[[ DATA SHOWN open ]]

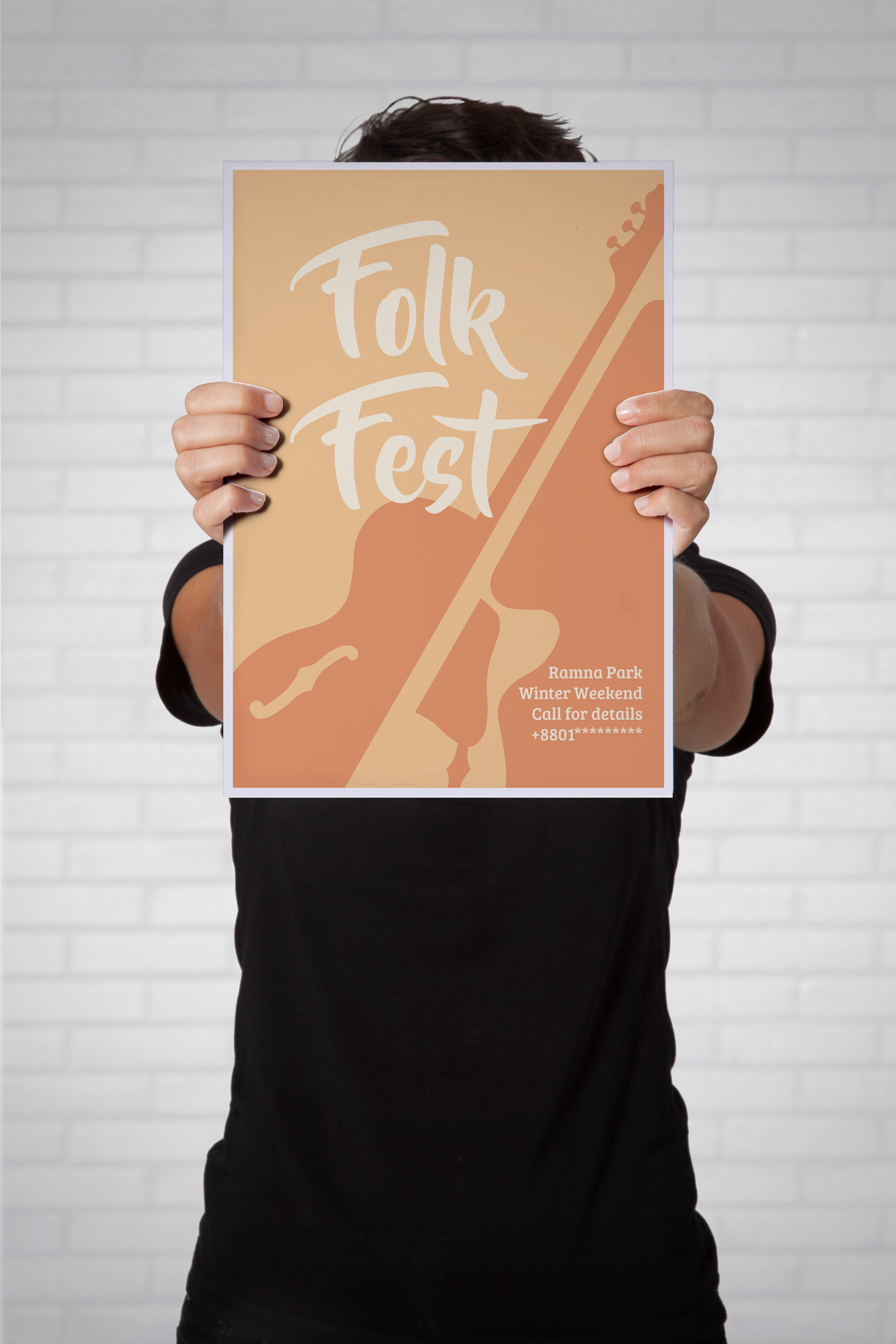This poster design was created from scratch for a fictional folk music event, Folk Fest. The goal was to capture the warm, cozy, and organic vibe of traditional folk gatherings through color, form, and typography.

[[ DATA SHOWN closed ]]
[[ DATA SHOWN open ]]

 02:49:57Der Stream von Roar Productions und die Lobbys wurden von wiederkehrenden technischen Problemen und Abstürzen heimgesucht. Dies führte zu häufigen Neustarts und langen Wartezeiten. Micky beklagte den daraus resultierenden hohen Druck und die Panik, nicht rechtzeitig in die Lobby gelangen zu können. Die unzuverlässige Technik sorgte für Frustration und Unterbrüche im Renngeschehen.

[[ DATA SHOWN closed ]]
[[ DATA SHOWN open ]]

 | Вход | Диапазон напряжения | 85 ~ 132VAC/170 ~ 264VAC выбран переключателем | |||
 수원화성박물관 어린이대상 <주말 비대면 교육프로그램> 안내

[[ DATA SHOWN closed ]]

● EXERCISE DIRECTIONS: Transcribe the records above from the line holding "переключателем | |||" down to the line holding "수원화성박물관 어린이대상 <주말 비대면 교육프로그램> 안내", inclusive, without adding anything.

● RESULT:
 | Вход | Диапазон напряжения | 85 ~ 132VAC/170 ~ 264VAC выбран переключателем | |||
 수원화성박물관 어린이대상 <주말 비대면 교육프로그램> 안내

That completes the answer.